On Tue, Jan 14, 2020 at 6:45 PM David Renshaw <[email protected]> wrote:

> Ah, indeed it does! Now I’m feeling silly for failing at reading
> comprehension. :)
>
> On Tue, Jan 14, 2020 at 6:33 PM Kenton Varda <[email protected]>
> wrote:
>
>> UnalignedFlatArrayMessageReader's own doc comment mentions this fact. :)
>>
>> FWIW I don't actually recommend using that class, but I was convinced to
>> add it when enough people demanded it.
>>
>>
>> -Kenton
>>
>> On Tue, Jan 14, 2020 at 5:13 PM David Renshaw <[email protected]>
>> wrote:
>>
>>> Ralf Jung, who knows a lot about software verification, suggests that
>>> capnproto-c++'s UnalignedFlatArrayMessageReader might cause undefined
>>> behavior even on x86_64:
>>>
>>> https://www.reddit.com/r/rust/comments/en9fmn/should_capnprotorust_force_users_to_worry_about/fedi5hk/?context=8&depth=9
>>>
>>> On Sat, Jan 11, 2020 at 11:11 AM David Renshaw <[email protected]>
>>> wrote:
>>>
>>>> Thanks for the feedback!
>>>>
>>>> I figured out how to get rustc to emit assembly for a variety of
>>>> targets. Results are in this blog post:
>>>> https://dwrensha.github.io/capnproto-rust/2020/01/11/unaligned-memory-access.html
>>>>
>>>> I don't think there's any case in which the extra copy will actually be
>>>> an out-of-line memcpy function call.
>>>>
>>>> - David
>>>>
>>>> On Fri, Jan 10, 2020 at 10:25 AM Kenton Varda <[email protected]>
>>>> wrote:
>>>>
>>>>> First, make sure you add the -O2 compiler option in godbolt, so that
>>>>> these are actually optimized. If you do that, `direct()` becomes two
>>>>> instructions (on both architectures), while `indirect()` on ARM is still 9
>>>>> instructions.
>>>>>
>>>>> It's true that on x86_64, this change will have no negative impact, as
>>>>> you observed. But that's specifically because x86_64 supports unaligned
>>>>> reads and writes, and so on this platform you don't actually need to 
>>>>> change
>>>>> anything to support unaligned buffers.
>>>>>
>>>>> On ARM, your example is generating an out-of-line function call to
>>>>> memcpy. I could be wrong, but I think this will be heavier than you are
>>>>> imagining. There are three issues:
>>>>>
>>>>> - The function call itself takes several instructions.

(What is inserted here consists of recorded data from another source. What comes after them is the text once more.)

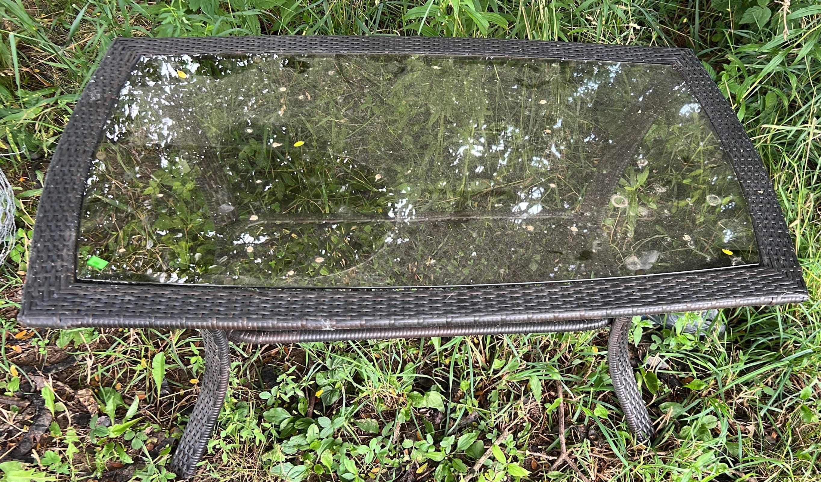 884 Plastic Wicker Patio Table with glass top ,25”x42.5”x 22”
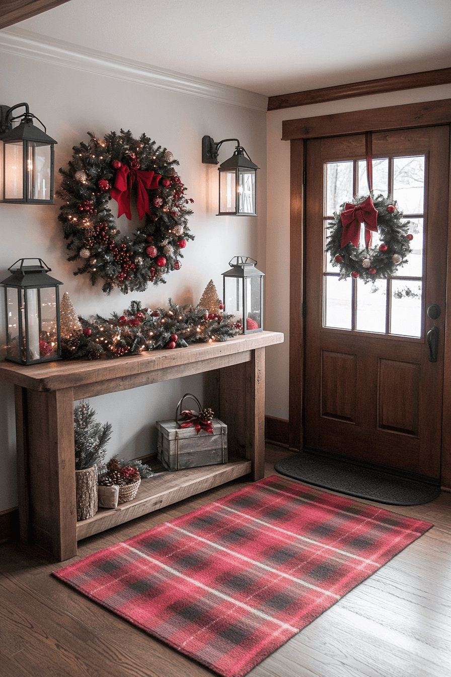 Greet guests with the joyful simplicity of farmhouse Christmas decor that radiates warmth from the moment they arrive. A pine wreath, glowing lanterns, and a rustic bench transform your entryway into a charming holiday moment. Add a plaid runner or twinkle lights for extra magic. The balance of texture and glow feels like a country Christmas dream.
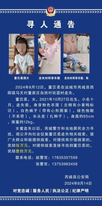 8月12日,山西芮城一2岁女童董苡柔(小名十月)在家中失踪,引发社会关注。
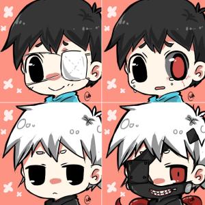 从黑色头发的服务生到白色头发的喰种,Q版萌系画风,动画《东京食尸鬼》中的男主角金木研四种状态头像,画师Ritsuneko作品。

>>>>> - An out-of-line function call will force the compiler to be more
>>>>> conservative about optimizations around it. When a getter is inlined into 
>>>>> a
>>>>> larger function body, this could lead to a lot more overhead than is
>>>>> visible in the godbolt example. For example, caller-saved registers used 
>>>>> by
>>>>> that outer function would need to be saved and restored around each call.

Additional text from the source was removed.